El expediente constitucional que modificó decisivamente el proceso penal seguido contra Alvarado apareció años después dentro de otra investigación judicial, en la que el Ministerio Público sostuvo que habían existido gestiones para conseguir un resultado favorable.
Es un hecho documentado y cada ciudadano puede extraer sus propias conclusiones.
DEL MUNICIPIO AL GOBIERNO REGIONAL
Después vino otra etapa: Javier Alvarado llegó al Gobierno Regional de Lima.
Y tampoco allí desaparecieron los cuestionamientos judiciales.
La Casación N.° 1611-2021/Huaura corresponde a una investigación contra Alvarado y otras personas por presunto peculado doloso por apropiación en agravio del Gobierno Regional de Lima.
La investigación preparatoria fue formalizada el 29 de mayo de 2019, fue declarada compleja y el asunto llegó incluso hasta la Corte Suprema.
También encontramos el denominado caso de los “dineros por encargo” —Caso Fiscal N.° 07-2016 / Expediente N.° 1886-2017—, relacionado con recursos entregados durante su gestión regional cuya utilización y rendición fueron cuestionadas por el Ministerio Público.
Y aparece además el Expediente N.° 00170-2021, correspondiente a otro proceso por presunto peculado, distinto de FINVER, que llegó a la etapa de juicio oral.

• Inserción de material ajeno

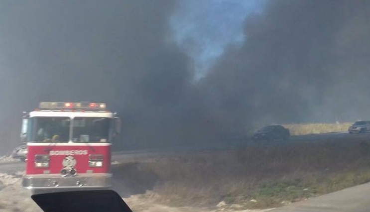 Camiones y pipas del Heroico Cuerpo de Bomberos atendieron el llamado y los elementos comenzaron a dar combate al siniestro mientras el humo invadía la carretera Reynosa y el libramiento Marte R. Gómez.
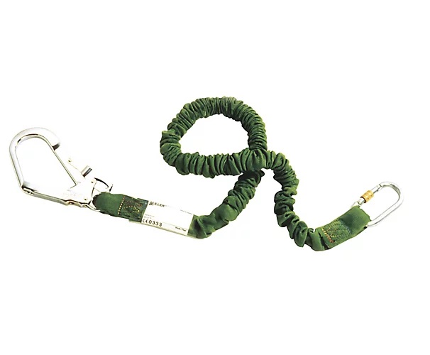 Absorbująca wstrząsy smycz Honeywell Safety Manyard ma rozciągliwą konstrukcję z karabińczykiem śrubowym i automatycznym hakiem do rusztowań.
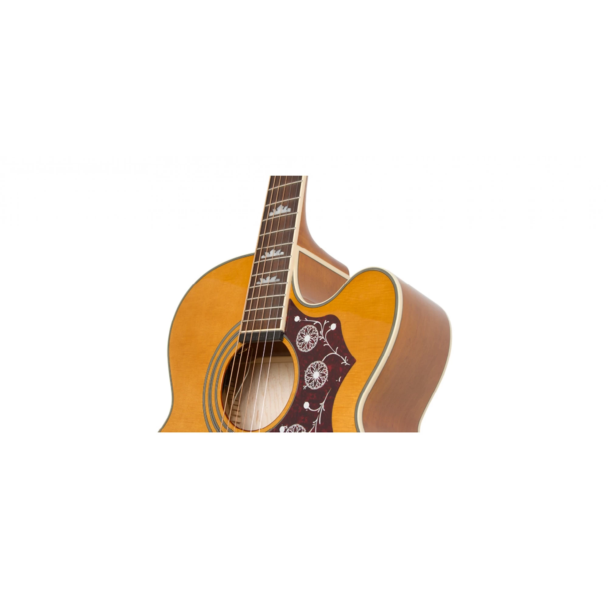 The Epiphone EJ-200SCE pushes the “King of the Flat Tops,” into the future with a spectacular cutaway for total upper fret access plus the eSonic2™ preamp system.
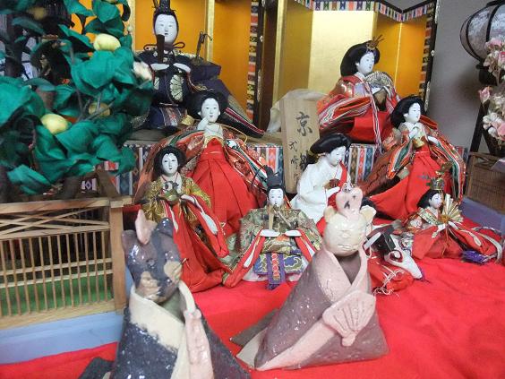 今日は桃のお節句この日にちなんで椿山荘ではつるし雛がたくさん飾られているらしい とりあえず確認のを入れる と・・・ 「つるし雛は2月28日で終了しました~」 ・ ・ ・ がび~~ん な・ん・で? 今日が桃のお節句なのに 今日なきゃ意味ないのに・・・ 今日見たかったのに・・・ブツブツ 「業者さんがその日に持って帰ってしまいましたので」 ・・・ ま、気を取り直して 我が家のお雛様がある! 手前の猫雛は以前に体験?陶芸教室で作ったものです うん! 立派なお雛様だっ

A ellos se agregan diversas investigaciones desarrolladas por las fiscalías especializadas de Huaura por hechos correspondientes a su gestión regional.
Es cierto que durante años se ha hablado de decenas e incluso de más de cien carpetas fiscales.
No corresponde afirmar hoy que todas continúan vigentes. Algunas pueden haber sido archivadas, otras prescritas, algunas judicializadas y otras eventualmente continuar en trámite. Para conocer su situación actual habría que revisar cada expediente individualmente.
Pero su existencia tampoco puede ser borrada de la historia.
NO ES UN EXPEDIENTE. ES UNA TRAYECTORIA QUE DEBE EXPLICARSE
Si solo existiera FINVER, se discutiría únicamente FINVER.
Pero también están Telefónica–Lunahuaná, las investigaciones en Cañete y los procesos vinculados al Gobierno Regional de Lima.
Son distintas administraciones, épocas y expedientes.
La reiteración de investigaciones no prueba culpabilidad. La responsabilidad penal exige sentencia firme y la presunción de inocencia debe respetarse.
Pero quien busca nuevamente la confianza ciudadana debe explicar esa trayectoria: cómo terminaron los casos, cuáles llegaron al fondo y cuáles no.
La pregunta es inevitable: ¿una absolución posterior a cinco condenas permite borrar todo lo demás?
“HE SIDO REIVINDICADO”
Alvarado no dice solo “he sido absuelto”. Presenta la absolución como prueba de que su nombre quedó limpio y de que fue víctima de una persecución.
Los expedientes muestran una realidad más compleja.
En FINVER, el Tribunal Constitucional no lo declaró inocente: reconoció un problema procesal. Antes de la absolución hubo cinco condenas.
En Telefónica–Lunahuaná, un hábeas corpus modificó el curso del proceso, y ese expediente apareció después en una investigación sobre presuntas gestiones irregulares, sin que ello permita atribuirle responsabilidad.
Durante su gestión regional también hubo nuevas investigaciones y procesos.
Por eso, los expedientes no describen simplemente la historia de un hombre injustamente perseguido y finalmente reivindicado.
Puede decir que fue absuelto en FINVER. Puede exigir que esa absolución sea respetada.
Lo que no puede hacer es usarla para borrar toda su trayectoria judicial.
La presunción de inocencia debe respetarse.
Pero una absolución puede cerrar un proceso.
No puede reescribir toda una trayectoria.